Na atividade que participei com as crianças carentes, percebi que temos que nos abrir. No momento em que olhamos o outro nos olhos com nossos olhos abertos, sentimos empatia, sentimos o que o outro sente. E dói, pois não é fácil sentir o sofrimento alheio. O olhar de crianças com realidades tão diferentes da nossa nos conta muita coisa. Assim como o olhar de pacientes sentindo dores intensas.

Mas, ao mesmo tempo, é assim que acontece a conexão. E quando a criança também consegue se conectar com você, o amor vem e volta. A gente vai lá para doar e recebe tanto de volta, mas tanto, que sai de lá se questionando quem é que ajuda quem.

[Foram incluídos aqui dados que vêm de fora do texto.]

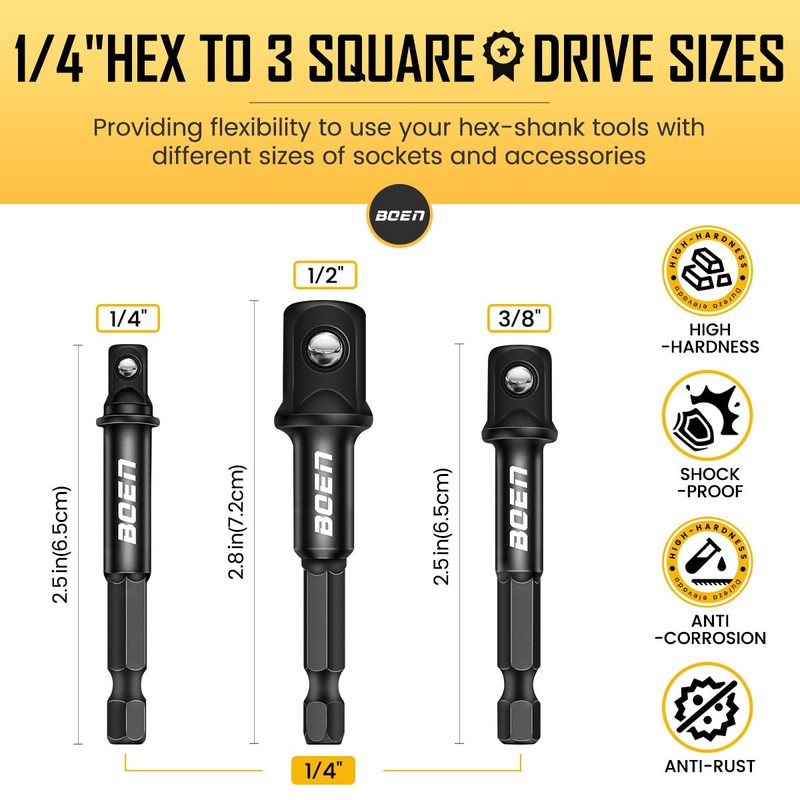 - Built to Last – Stronger Than Ever: Crafted from Chrome Vanadium Steel, Chrome Molybdenum, our adapters are heat-treated and hardened for maximum durability. They’re engineered to withstand heavy-duty use and offer long-lasting performance, ensuring they can keep up with even the toughest projects
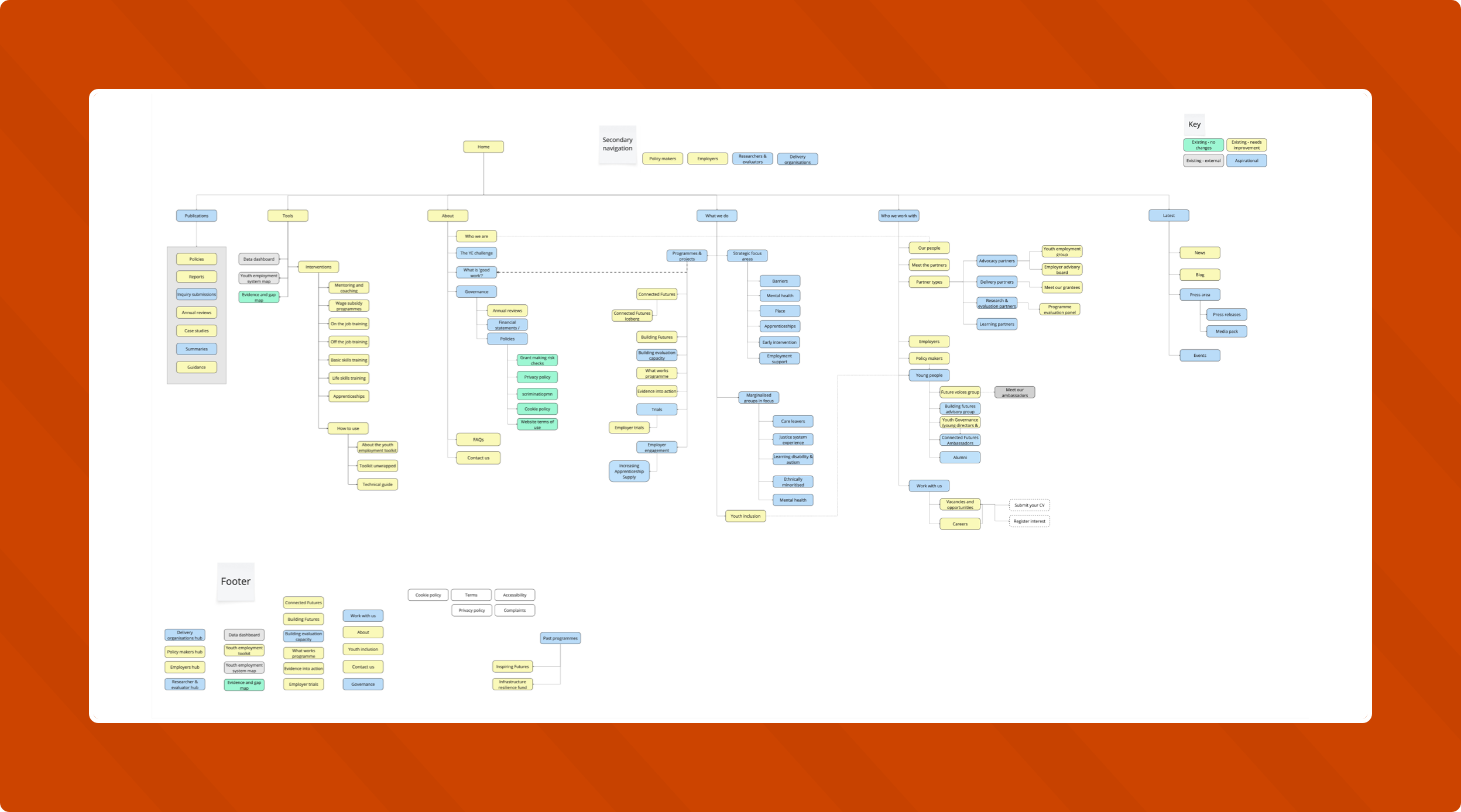 We kicked off the project in London with a hands-on session to align on goals and understand the specific hurdles facing YFF’s users. The critical task? A physical card sort of the entire existing sitemap. By physically regrouping pages into logical pockets of information with the YFF team, we rapidly identified what to keep, cut, or consolidate, ensuring the new structure was solid from day one.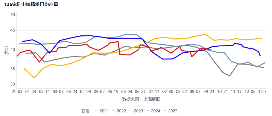 国产矿供应保持稳定,维持在偏低水平。9月以来国内矿山铁精粉产量总体稳定,变化不大。根据上海钢联调研的126家矿山的铁精粉日均产量数据来看:当前日均产量39.7万吨,环比8月份基本持平,同比也基本持平。四季度,受安全生产政策趋严影响,国产铁精粉供应量预计仍将维持低位水平,增长受限。

Recebi até massagem de uma menina tão cheia de amor para doar. Deu até vergonha de postar nas redes sociais promovendo o ato como bondade e boa vontade minha. Deu vontade de promover o ato dela, das crianças. Deu vontade de explicar a pergunta que fizeram ao Patch Adams sobre como ele consegue sentir-se feliz sempre. A resposta está na troca. Ele dá, mas ele recebe muito. Ele se relaciona, ele troca. Afeto é uma das poucas coisas que não se gasta e que você não perde absolutamente nada quando dá; ao contrário, se sua porta estiver aberta, você recebe – e muito – de volta.

Assim, esse texto é sobre o dia em que fui em uma escola pública de periferia receber massagem e participar do encontro de crianças carentes com adultos carentes. Somos todos carentes de amor.